2. Deriving the ELBO (Step by Step)

Step 1: Start with the marginal likelihood

In words: The probability of data \(x\) is obtained by integrating over all possible latent values \(z\).

In math:

\[ \log p_\theta(x) = \log \int p_\theta(x, z) \, dz \]

Explanation: This integral is intractable for deep networks because we'd need to evaluate the decoder for every possible \(z\).


Step 2: Introduce the approximate posterior

In words: Multiply and divide by \(q_\phi(z|x)\) inside the integral—this doesn't change the value.

In math:

\[ = \log \int q_\phi(z|x) \cdot \frac{p_\theta(x, z)}{q_\phi(z|x)} \, dz \]

Explanation: This is a mathematical trick. We're rewriting the integral in a form that lets us use importance sampling.


Step 3: Rewrite as an expectation

In words: The integral over \(q_\phi(z|x)\) is just an expectation under that distribution.

In math:

\[ = \log \mathbb{E}_{q_\phi(z|x)} \left[ \frac{p_\theta(x, z)}{q_\phi(z|x)} \right] \]

Explanation: We've converted the integral into an expectation, which we can estimate by sampling.


Step 4: Apply Jensen's inequality

In words: The log of an expectation is at least as large as the expectation of the log.

In math:

\[ \geq \mathbb{E}_{q_\phi(z|x)} \left[ \log \frac{p_\theta(x, z)}{q_\phi(z|x)} \right] \]

Explanation: Jensen's inequality states that for a concave function (like \(\log\)):

\[ \log \mathbb{E}[X] \geq \mathbb{E}[\log X] \]

This is where the "lower bound" comes from—we're trading equality for tractability.


Step 5: Expand the log ratio

In words: Split the log of a ratio into a difference of logs.

In math:

\[ = \mathbb{E}_{q_\phi(z|x)} \left[ \log p_\theta(x, z) - \log q_\phi(z|x) \right] \]

Explanation: Using \(\log(a/b) = \log a - \log b\).

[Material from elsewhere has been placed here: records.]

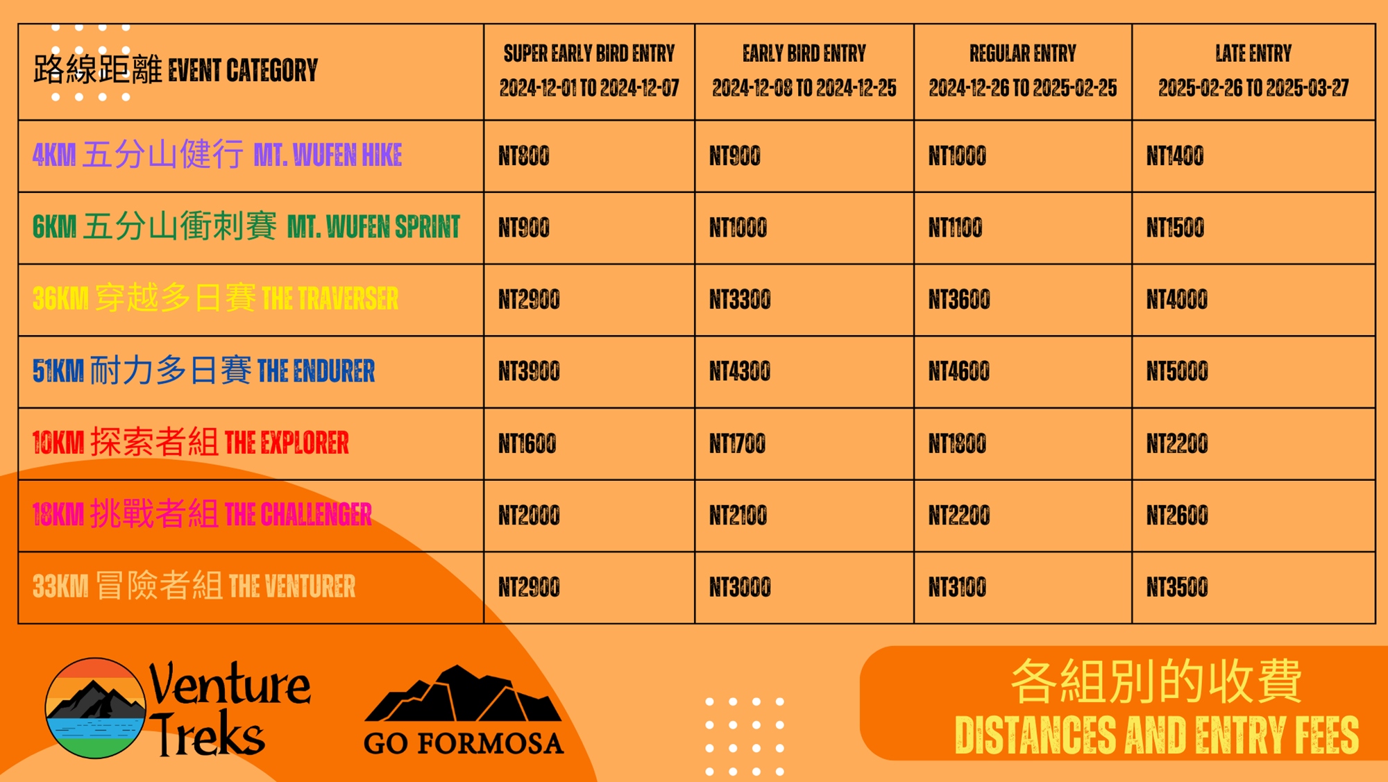 - NT600 for the Mt. Wufen Sprint (regular price NT1100)
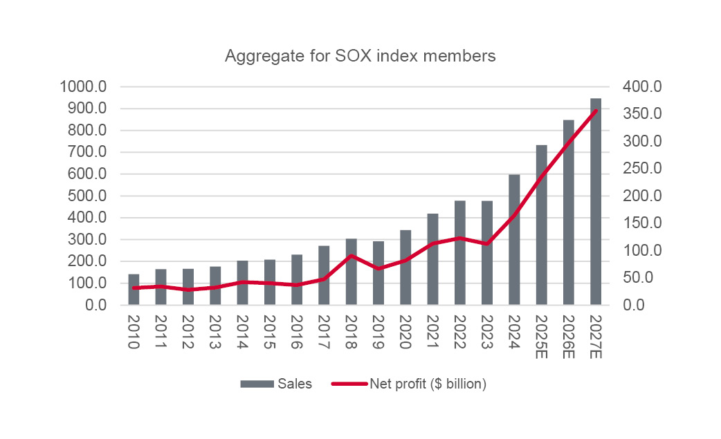 SOX index members’ profits are forecast to boom in 2025-27
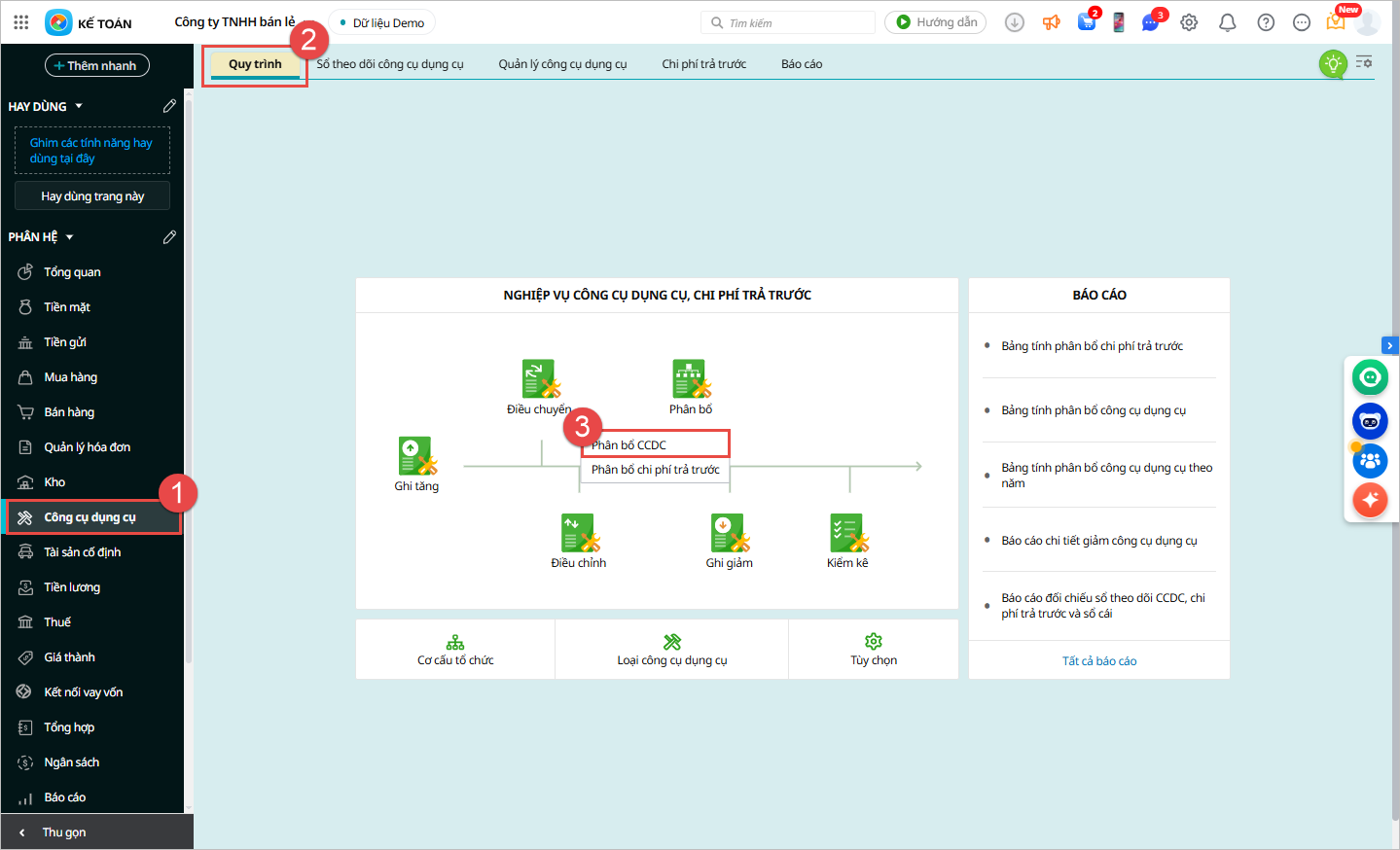 - Bước 1: Vào phân hệ Công cụ dụng cụ\Quy trình, chọn chức năng Phân bổ chi phí CCDC.
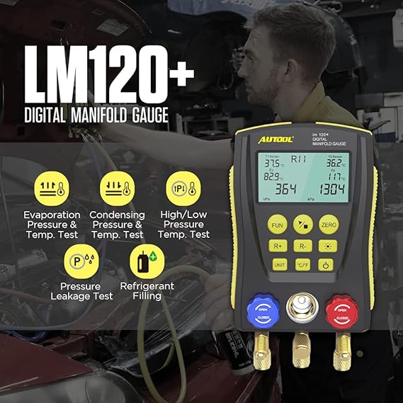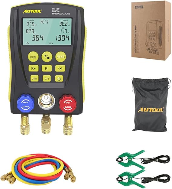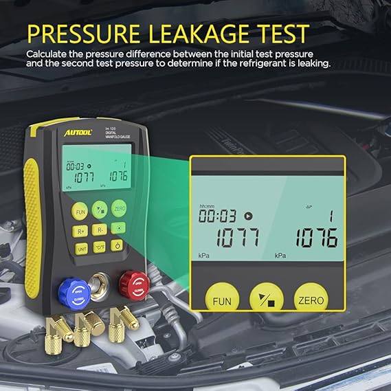 言葉遣い条件圧力テスト、過熱テスト、真空圧力テスト、圧力漏れテスト、デュアルチャネル温度センサー、漏れ速度ヒントを含むAutoolデジタル冷凍ゲージ。これは、エアコン、冷蔵庫、冷蔵などの冷凍装置のテストとメンテナンスに必要なツールです。
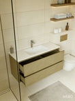 De eiken onderkast beschikt over 2 royale lades waarin je al je badkamer- en verzorgingsproducten overzichtelijk kunt opbergen. Het soft open- en close systeem zorgt ervoor dat de lades soepel en geluidloos bewegen. Dankzij de geïntegreerde handgrepen krijgt het meubel een minimalistische, moderne look.
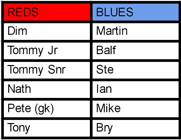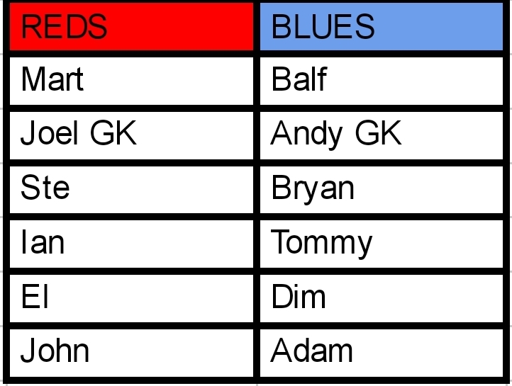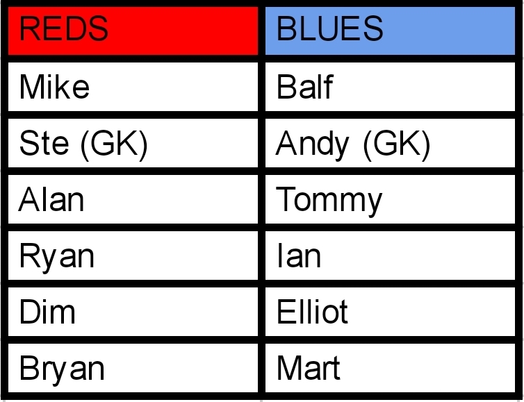 The game was level at 6 all for what seemed like an age. Andy managed to intercept a sloppy pass and score what looked like to be the winner due to the games lack of goals. But the Reds hit straight back and went 1 up, again thanks to Mike. The Reds had a great spell and were playing terrific football, however they were up against an inspired and angry goalkeeper in Ryan who was pulling off some great saves.
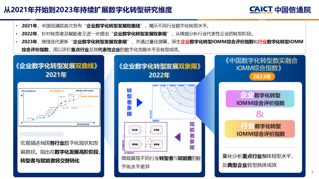 栗蔚表示,数实融合涉及经济融合、产业融合和业技融合三个层面,中国信通院聚焦数实融合,深入产业,结合理论研究与产业相关实践,形成了IOMM 数字化相关标准体系,可以有效指导数字化转型实践,目前已迭代至2.0版本。同时,中国信通院为深入洞察行业发展规律,从宏观到微观不断深化研究成果,2021年发布 “企业数字化转型发展双曲线”,揭示不同行业数字化转型水平;2022年针对转型者与赋能者,又进一步提出“企业数字化转型发展双象限”,从微观分析行业代表性企业的转型阶段;2023年继续迭代更新“企业数字化转型发展双象限”,并派生“企业数字化转型IOMM综合评价指数”和“行业数字化转型IOMM综合评价指数”,用以评价重点行业及其代表性企业的数字化发展水平及转型成效。
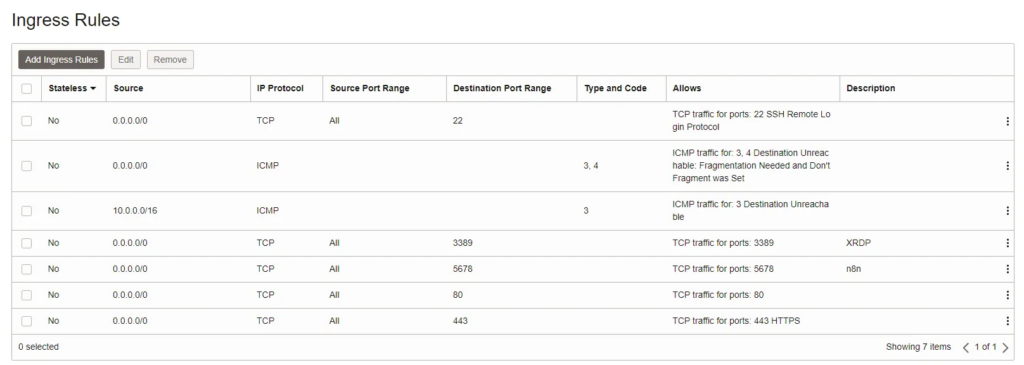 Explanation: This step ensures that external traffic can reach your n8n instance, as Oracle Cloud maintains its own security layers separate from the server’s firewall.
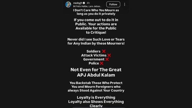 Following Bhatt’s comments, Rocky Jaiswal took to his Instagram stories to share his perspective. Known for being vocal on social issues, Jaiswal appeared to distance himself and the broader industry from the sentiment, emphasising the importance of national identity and historical context.
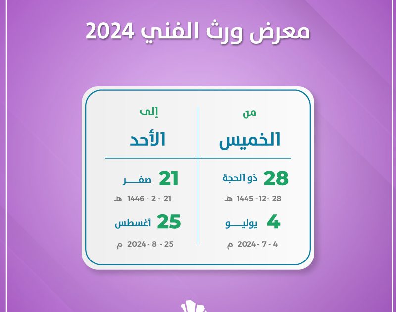 تستضيف بوليفارد رياض سيتي معرض ورث الفني 2024 خلال الفترة الرابع من يوليو حتى الخامس والعشرون من أغسطس الموافق الثامن والعشرون من ذو الحجة حتى الواحد والعشرون من صفر لعام 1446.
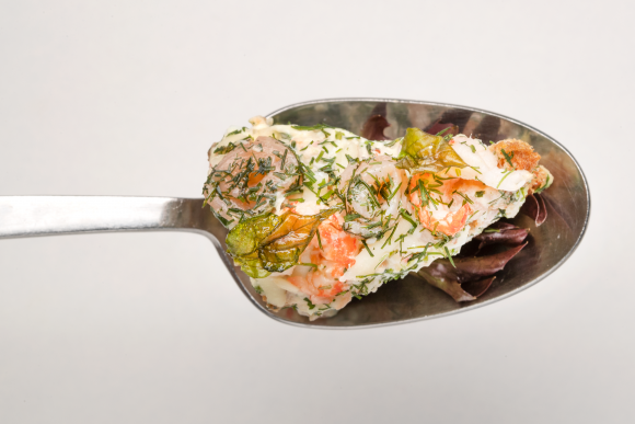 - 200 g grovhackad kokt, gravad eller rökt lax (spara några snygga bitar till garnering)
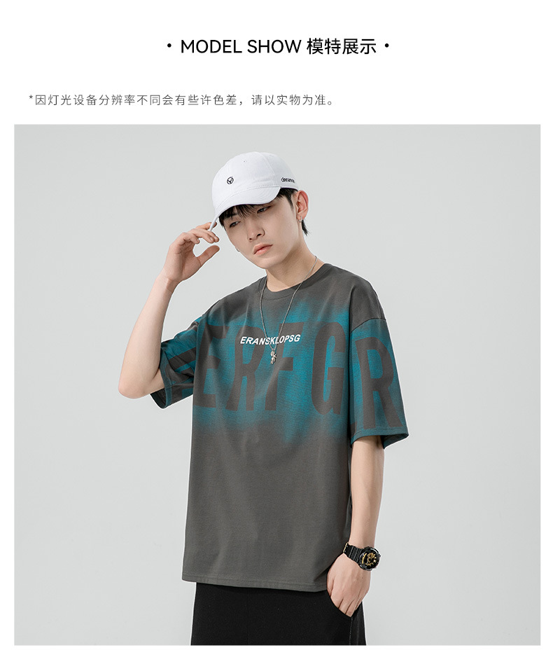 短袖t恤男潮牌潮流ins宽松圆领字母印花男士半袖体恤日系潮牌男装

Step 6: Factor the joint distribution

In words: The joint \(p_\theta(x, z)\) equals the likelihood times the prior.

In math:

\[ = \mathbb{E}_{q_\phi(z|x)} \left[ \log p_\theta(x|z) + \log p(z) - \log q_\phi(z|x) \right] \]

Explanation: We used \(p_\theta(x, z) = p_\theta(x|z) \cdot p(z)\).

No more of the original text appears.